Dataset items:
------------------------------

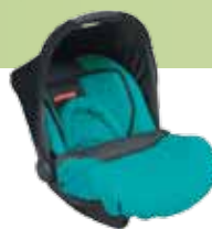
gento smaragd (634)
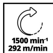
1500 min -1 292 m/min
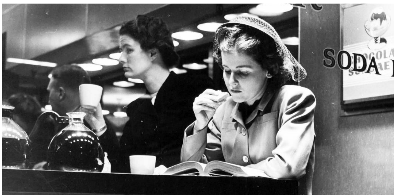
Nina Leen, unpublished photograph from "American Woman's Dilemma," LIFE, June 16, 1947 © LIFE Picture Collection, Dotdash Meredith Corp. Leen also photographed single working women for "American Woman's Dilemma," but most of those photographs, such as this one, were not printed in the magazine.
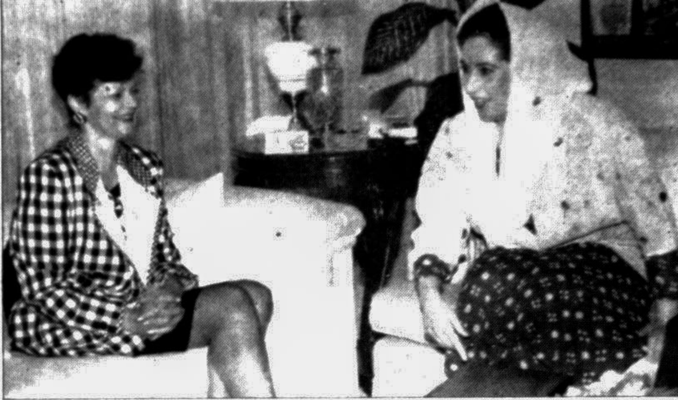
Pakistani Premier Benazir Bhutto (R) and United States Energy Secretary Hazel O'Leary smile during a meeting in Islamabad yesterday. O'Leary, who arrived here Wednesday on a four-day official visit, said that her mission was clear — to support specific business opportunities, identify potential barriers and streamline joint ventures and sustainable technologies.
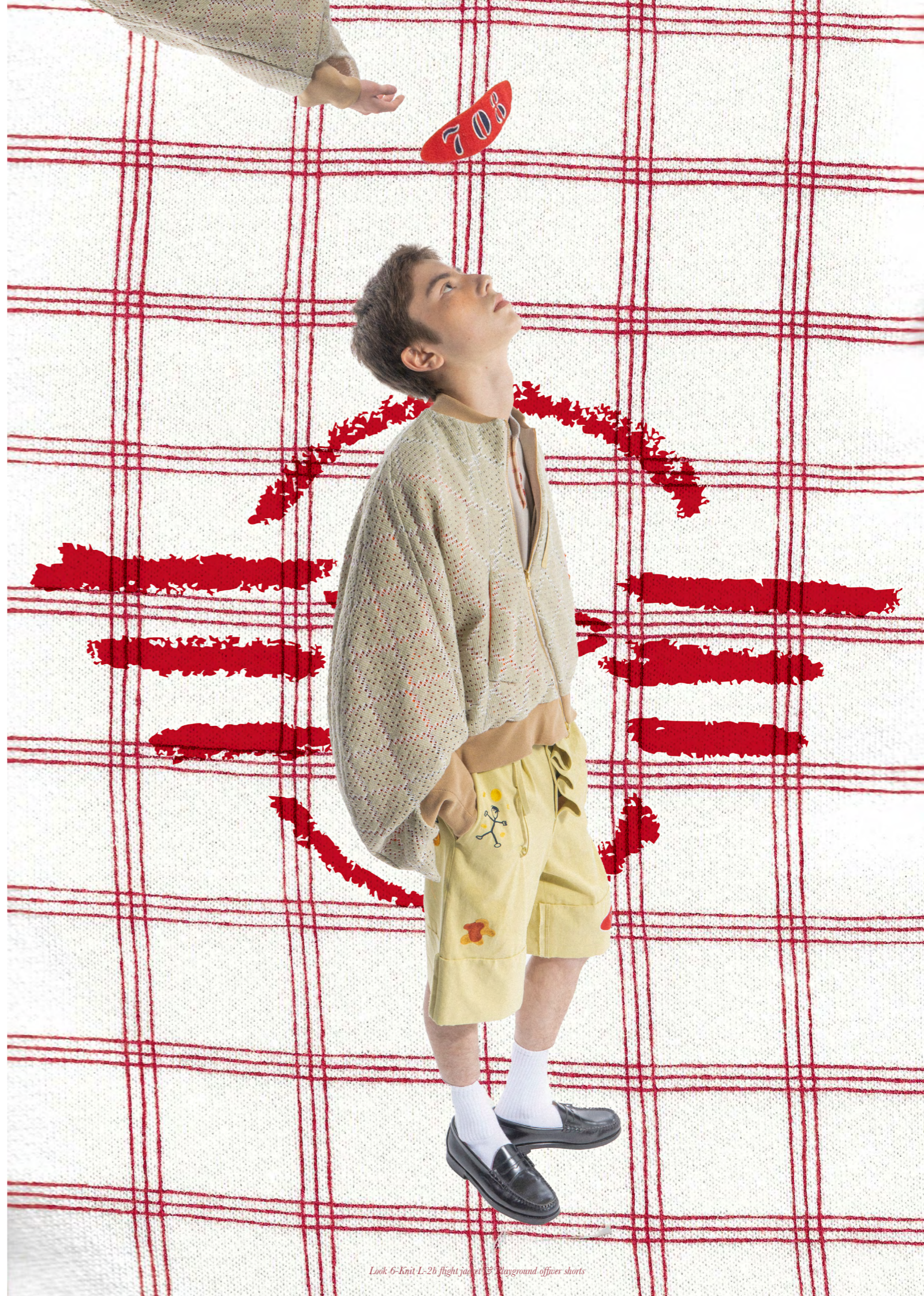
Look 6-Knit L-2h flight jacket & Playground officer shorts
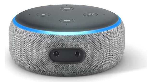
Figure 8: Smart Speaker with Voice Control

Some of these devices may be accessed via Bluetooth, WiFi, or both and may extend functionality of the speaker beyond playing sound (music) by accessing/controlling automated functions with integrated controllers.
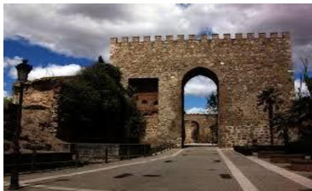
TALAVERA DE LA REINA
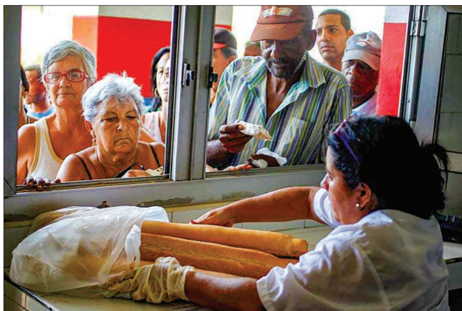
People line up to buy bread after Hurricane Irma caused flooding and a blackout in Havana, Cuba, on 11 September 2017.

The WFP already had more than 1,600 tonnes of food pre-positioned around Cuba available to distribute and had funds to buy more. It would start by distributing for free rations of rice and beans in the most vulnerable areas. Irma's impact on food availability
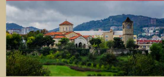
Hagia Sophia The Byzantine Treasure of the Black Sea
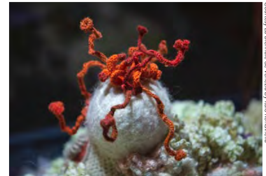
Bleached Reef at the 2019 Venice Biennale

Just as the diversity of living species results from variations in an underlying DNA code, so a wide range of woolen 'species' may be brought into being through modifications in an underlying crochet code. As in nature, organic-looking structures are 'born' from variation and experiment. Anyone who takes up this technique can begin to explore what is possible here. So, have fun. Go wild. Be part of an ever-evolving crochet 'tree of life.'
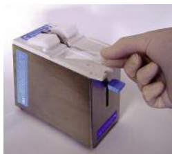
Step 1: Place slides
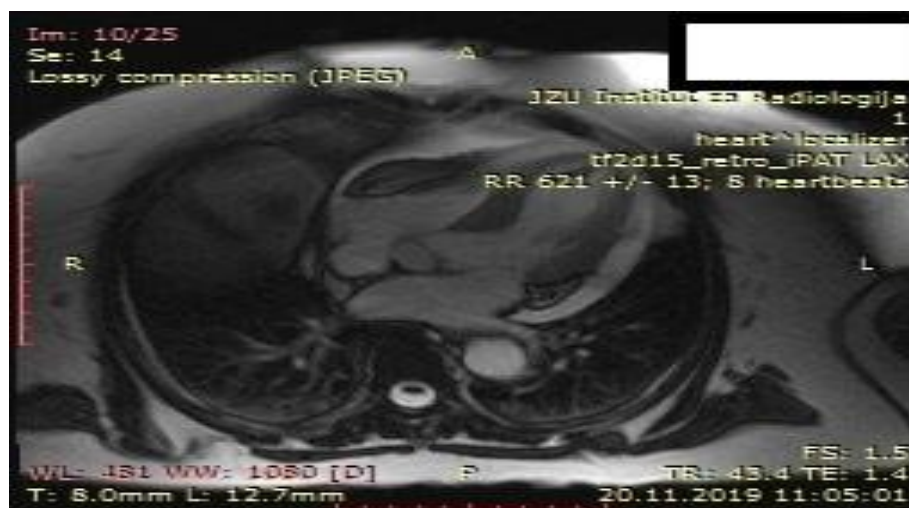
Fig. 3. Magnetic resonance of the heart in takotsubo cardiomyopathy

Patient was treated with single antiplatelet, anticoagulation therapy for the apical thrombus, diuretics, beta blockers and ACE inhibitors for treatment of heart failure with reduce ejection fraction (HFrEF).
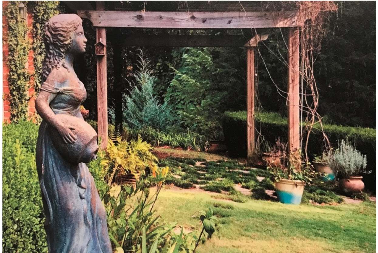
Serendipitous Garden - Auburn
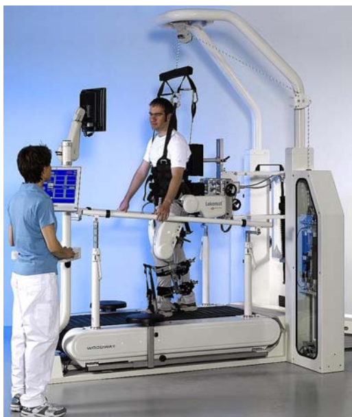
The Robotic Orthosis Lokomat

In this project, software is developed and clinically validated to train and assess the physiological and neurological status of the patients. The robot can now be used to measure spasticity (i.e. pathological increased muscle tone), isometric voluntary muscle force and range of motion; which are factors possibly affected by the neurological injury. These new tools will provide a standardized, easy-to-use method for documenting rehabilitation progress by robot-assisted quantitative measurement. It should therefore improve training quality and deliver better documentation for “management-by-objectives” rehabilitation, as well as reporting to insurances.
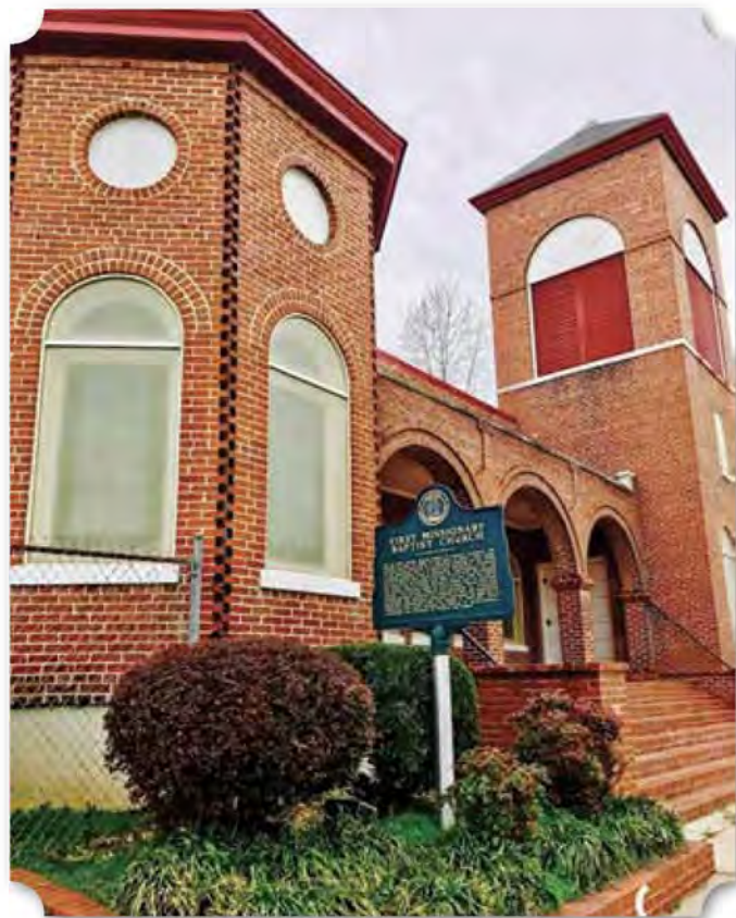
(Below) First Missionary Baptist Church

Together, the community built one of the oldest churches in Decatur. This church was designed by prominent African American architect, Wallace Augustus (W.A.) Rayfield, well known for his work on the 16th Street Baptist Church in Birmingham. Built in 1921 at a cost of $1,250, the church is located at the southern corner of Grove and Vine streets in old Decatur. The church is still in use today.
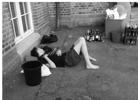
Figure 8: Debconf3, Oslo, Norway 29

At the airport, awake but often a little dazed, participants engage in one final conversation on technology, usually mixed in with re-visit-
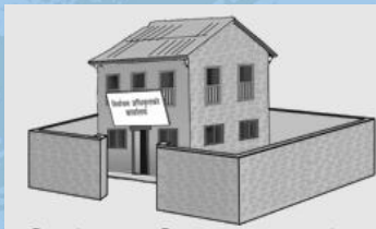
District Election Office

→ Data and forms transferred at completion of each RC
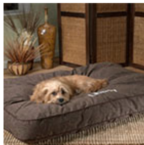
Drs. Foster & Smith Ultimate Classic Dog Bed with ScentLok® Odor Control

------------------------------

> _Exercise directions_
Please repeat each record above precisely, with the pictures left out.

> _Final answer_
gento smaragd (634)
1500 min -1 292 m/min
Nina Leen, unpublished photograph from "American Woman's Dilemma," LIFE, June 16, 1947 © LIFE Picture Collection, Dotdash Meredith Corp. Leen also photographed single working women for "American Woman's Dilemma," but most of those photographs, such as this one, were not printed in the magazine.
Pakistani Premier Benazir Bhutto (R) and United States Energy Secretary Hazel O'Leary smile during a meeting in Islamabad yesterday. O'Leary, who arrived here Wednesday on a four-day official visit, said that her mission was clear — to support specific business opportunities, identify potential barriers and streamline joint ventures and sustainable technologies.
Look 6-Knit L-2h flight jacket & Playground officer shorts
Figure 8: Smart Speaker with Voice Control

Some of these devices may be accessed via Bluetooth, WiFi, or both and may extend functionality of the speaker beyond playing sound (music) by accessing/controlling automated functions with integrated controllers.
TALAVERA DE LA REINA
People line up to buy bread after Hurricane Irma caused flooding and a blackout in Havana, Cuba, on 11 September 2017.

The WFP already had more than 1,600 tonnes of food pre-positioned around Cuba available to distribute and had funds to buy more. It would start by distributing for free rations of rice and beans in the most vulnerable areas. Irma's impact on food availability
Hagia Sophia The Byzantine Treasure of the Black Sea
Bleached Reef at the 2019 Venice Biennale

Just as the diversity of living species results from variations in an underlying DNA code, so a wide range of woolen 'species' may be brought into being through modifications in an underlying crochet code. As in nature, organic-looking structures are 'born' from variation and experiment. Anyone who takes up this technique can begin to explore what is possible here. So, have fun. Go wild. Be part of an ever-evolving crochet 'tree of life.'
Step 1: Place slides
Fig. 3. Magnetic resonance of the heart in takotsubo cardiomyopathy

Patient was treated with single antiplatelet, anticoagulation therapy for the apical thrombus, diuretics, beta blockers and ACE inhibitors for treatment of heart failure with reduce ejection fraction (HFrEF).
Serendipitous Garden - Auburn
The Robotic Orthosis Lokomat

In this project, software is developed and clinically validated to train and assess the physiological and neurological status of the patients. The robot can now be used to measure spasticity (i.e. pathological increased muscle tone), isometric voluntary muscle force and range of motion; which are factors possibly affected by the neurological injury. These new tools will provide a standardized, easy-to-use method for documenting rehabilitation progress by robot-assisted quantitative measurement. It should therefore improve training quality and deliver better documentation for “management-by-objectives” rehabilitation, as well as reporting to insurances.
(Below) First Missionary Baptist Church

Together, the community built one of the oldest churches in Decatur. This church was designed by prominent African American architect, Wallace Augustus (W.A.) Rayfield, well known for his work on the 16th Street Baptist Church in Birmingham. Built in 1921 at a cost of $1,250, the church is located at the southern corner of Grove and Vine streets in old Decatur. The church is still in use today.
Figure 8: Debconf3, Oslo, Norway 29

At the airport, awake but often a little dazed, participants engage in one final conversation on technology, usually mixed in with re-visit-
District Election Office

→ Data and forms transferred at completion of each RC
Drs. Foster & Smith Ultimate Classic Dog Bed with ScentLok® Odor Control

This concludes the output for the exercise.